▼

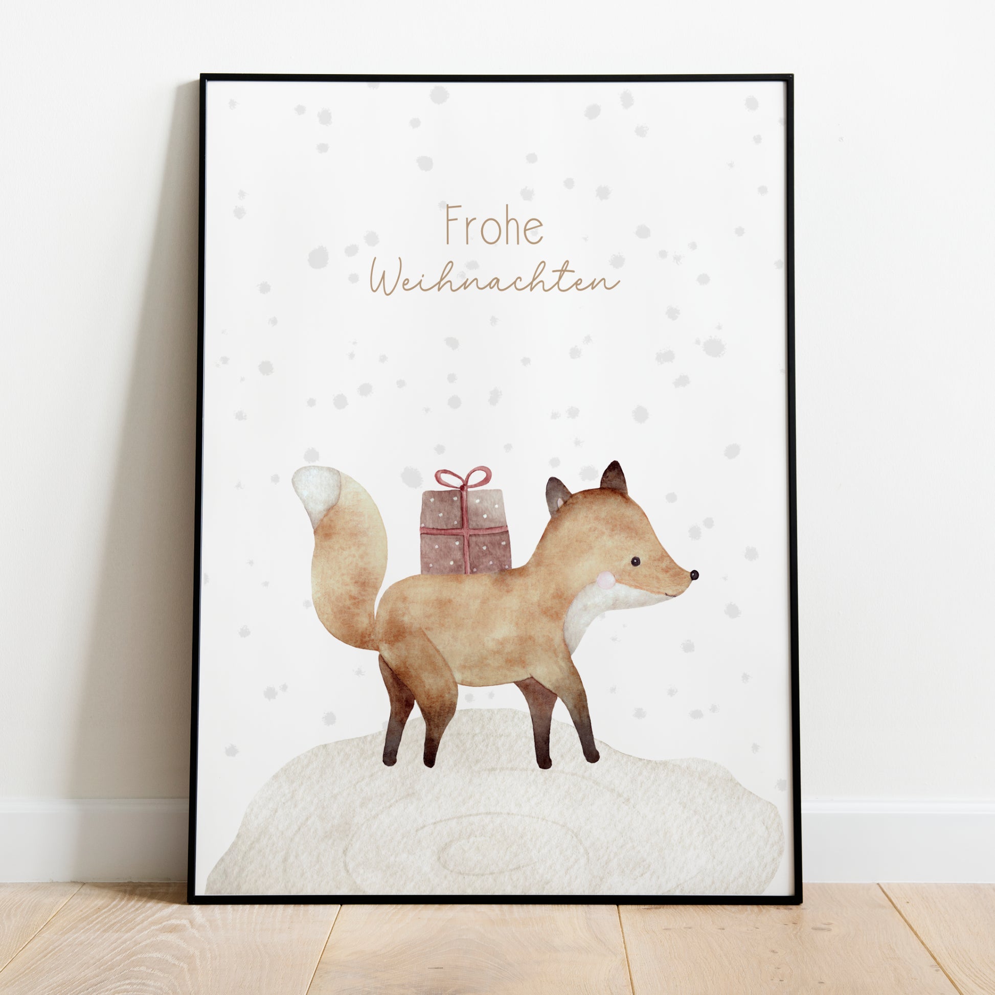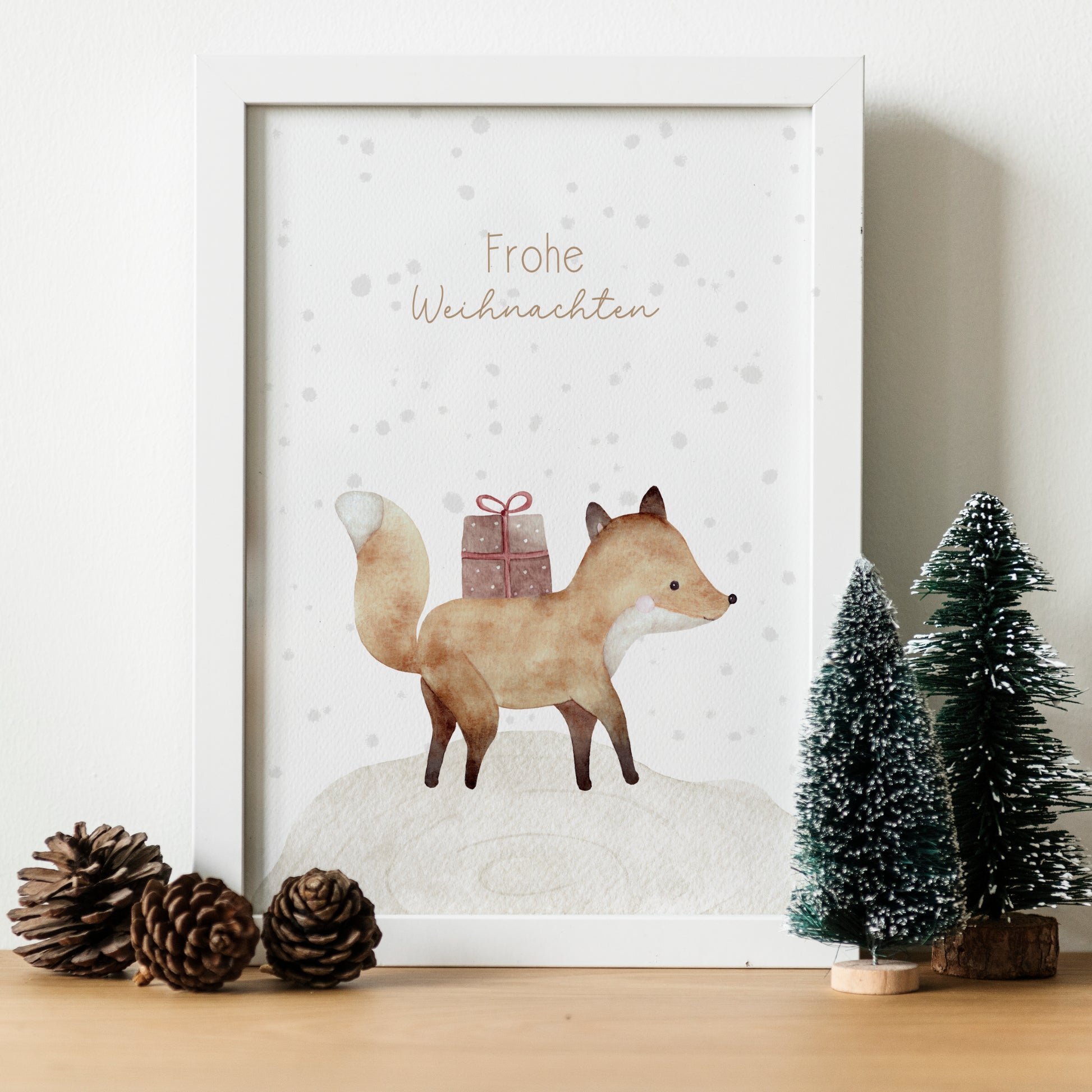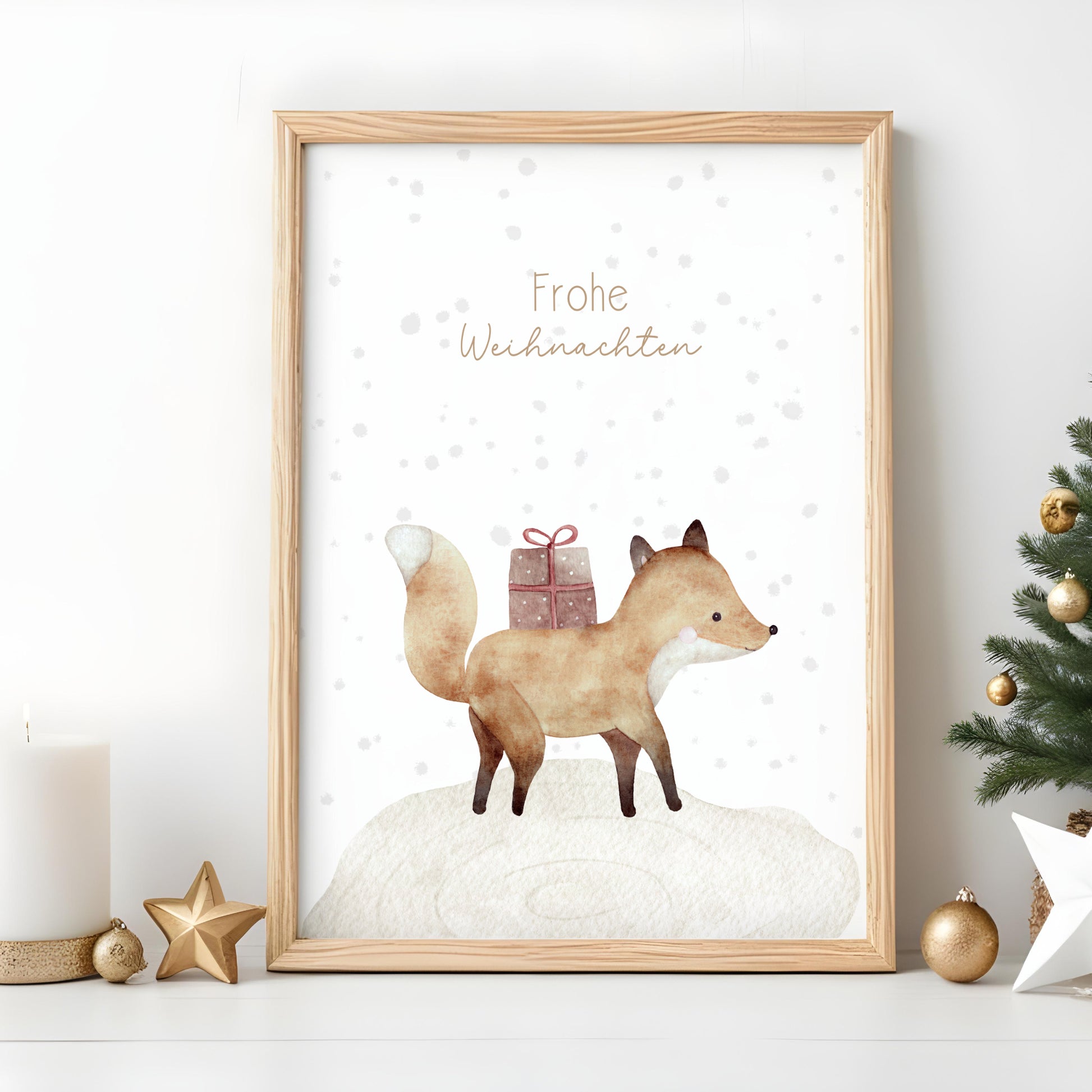 Weihnachten Poster Fuchs Weihnachtsdeko Schnee Winterdeko Aquarell
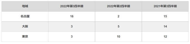 地域別では、調査対象の3地域(名古屋・大阪・東京)全てで増員予定、前四半期比・前年同期比もプラスの結果となりました。
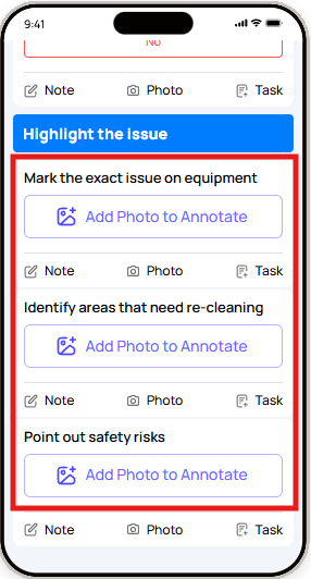 | Photo Annotation | Takes + marks up a photo | Damage documentation, defect location |
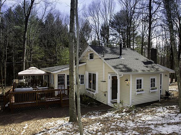 Authentic Craftsman Cottage awaits You! 2+ Bedrooms, 2 Full Baths, 2+ Acres, Less than 2 minutes to Lake Wallenpaupack and Taxes way Under $2k!($1,126.93 total annual tax to be exact!) NO DUES, No Community rules, all FUN! It gets even better: Since ownership Sellers have installed Quartz Countertops with Travertine Tile Backsplash, a country Double Sink and new faucets, new state-of-the-art Stainless Steel Appliances, a huge new deck, a new roof, and new storm windows! Sellers visits more frequent and longer, they moved-in full-time! Now new paint and trim and enhanced gas heater, along with maintenance-free siding and landscape makes this home a real treasure in every way! Uncomplicated Lake Lifestyle can be yours! Call for your private showing today!
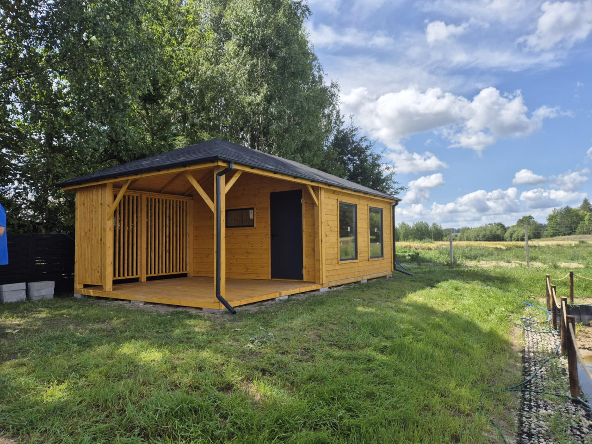 - Ściany domu wykonane z podbitki sosnowej łączonej metodą na pióro-wpust
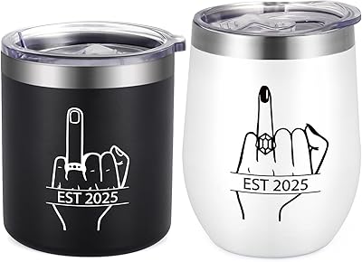 Qtencas Wedding Gifts for Couple, Ring Finger EST 2025 Stainless Steel Whiskey & Wine Tumbler Gift Set, Unique Engagement Gifts for Couples Mr Mrs His and Her Just Married Gift, 12oz Black & White
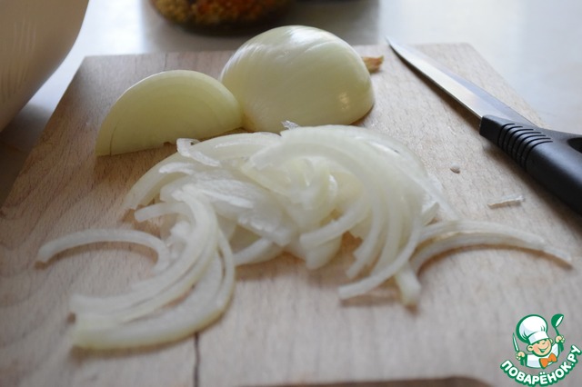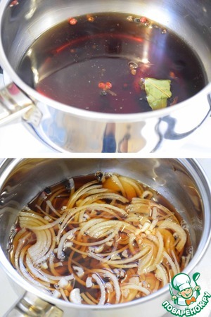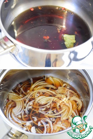 Проготовим маринад: в небольшую кастрюльку добавляем все ингредиенты для маринада, доводим до кипения и заливаем лук. Оставляем лук в маринаде на 1 час. Затем откидываем на дуршлаг и даем полностью стечь маринаду.
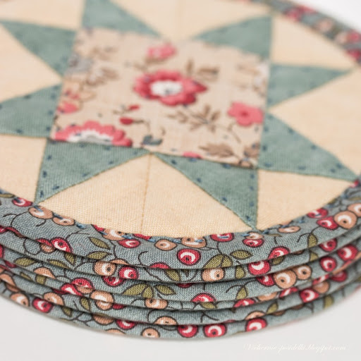 У меня была очень хорошая задумка — приделать этим шести лоскутным «блинчикам» шёлковые петельки и подвесить на ёлку... Но после того как первый «блин» был полностью собран, стало понятно, что не видать им ёлки, как своих ушей — великоваты... Переделывать не возникло никакого желания, и к тому же я себя уговорила решила, что другое применение подойдет им гораздо больше — из «блинчиков» выйдут отличные салфетки под чашки-стаканы... Вот такая очередная история о том, как первоначальная задумка и результат бывают далеки друг на друга. И, кстати, я оказалась права, в роли подстаканников они смотрятся прекрасно! Уже обновила.
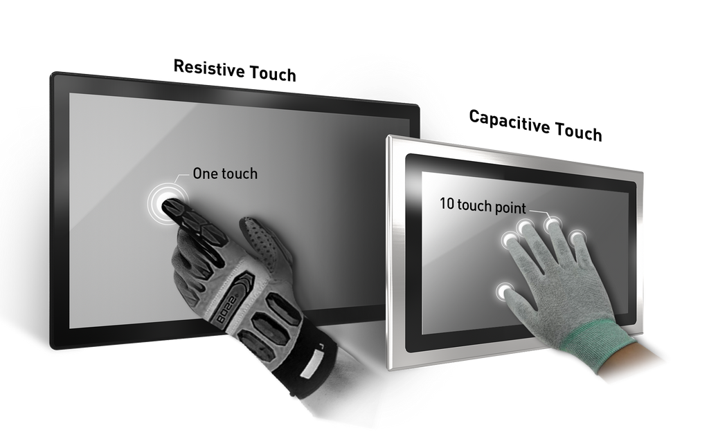 Màn hình hiển thị màn hình cảm ứng điện dung sử dụng độ dẫn điện thay vì áp suất để phát hiện đầu vào. Màn hình cảm ứng điện dung cảm nhận các đặc tính dẫn điện, chẳng hạn như đầu ngón tay hoặc găng tay dẫn điện. Sử dụng độ dẫn điện để phát hiện cảm ứng giúp tăng khả năng phản hồi và độ nhạy, cho phép đăng ký tối đa 10 điểm chạm và cử chỉ, do đó cung cấp nhiều tùy chọn hơn cho người dùng dựa trên các ứng dụng công nghiệp khác nhau, như thu phóng, chụm hoặc cảm ứng đa điểm. Màn hình cảm ứng điện dung đã được sử dụng rộng rãi trong các triển khai công nghiệp, chẳng hạn như ki-ốt và bán lẻ, trong đó nó yêu cầu màn hình cảm ứng có độ nhạy cao để có trải nghiệm người dùng cuối tốt hơn.
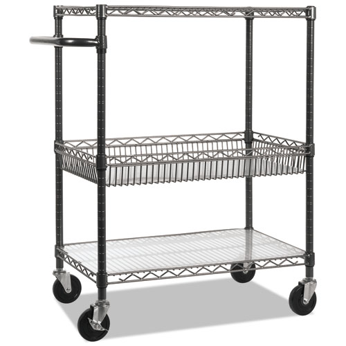 Three-Tier Wire Cart with Basket, Metal, 2 Shelves, 1 Bin, 500 lb Capacity, 34" x 18" x 40", Black Anthracite
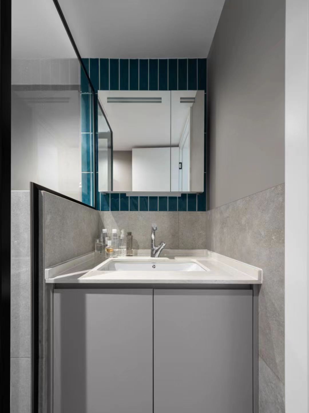 卫生间面积仅3.5m²,在满足基础生活日常的干湿分离的基础上,为墙面融入一半灵动优雅的孔雀蓝。 它成为与自然连接的媒介,让居住者体验到纯粹、愉悦的环境感受。
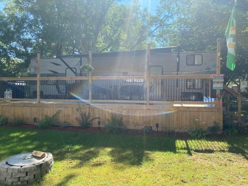 Welcome to Bloom Resorts Willow Lake site V06. This is a 2017 Forest River destination trailer in great condition, offering a spacious 38 ft layout with two bedrooms, including a second bedroom with bunk beds making it ideal for families or guests. The trailer sits on a very large lot with no back neighbours, providing privacy and a peaceful setting. It includes a 38 ft outdoor deck perfect for relaxing or entertaining. Well maintained and move-in ready, this destination trailer offers comfort, space, and an excellent outdoor living area.
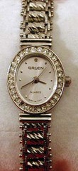Ladies Gruen Designer Quartz Watches, White Face with Diamond Accents and Bezel.

▲

[What the task requires] When you reach the line with "Qtencas Wedding Gifts" in the records above, begin repeating the lines exactly, and stop after the line with "Проготовим маринад: в". Skip all pictures.

[Solved exercise]
 Qtencas Wedding Gifts for Couple, Ring Finger EST 2025 Stainless Steel Whiskey & Wine Tumbler Gift Set, Unique Engagement Gifts for Couples Mr Mrs His and Her Just Married Gift, 12oz Black & White
 Проготовим маринад: в небольшую кастрюльку добавляем все ингредиенты для маринада, доводим до кипения и заливаем лук. Оставляем лук в маринаде на 1 час. Затем откидываем на дуршлаг и даем полностью стечь маринаду.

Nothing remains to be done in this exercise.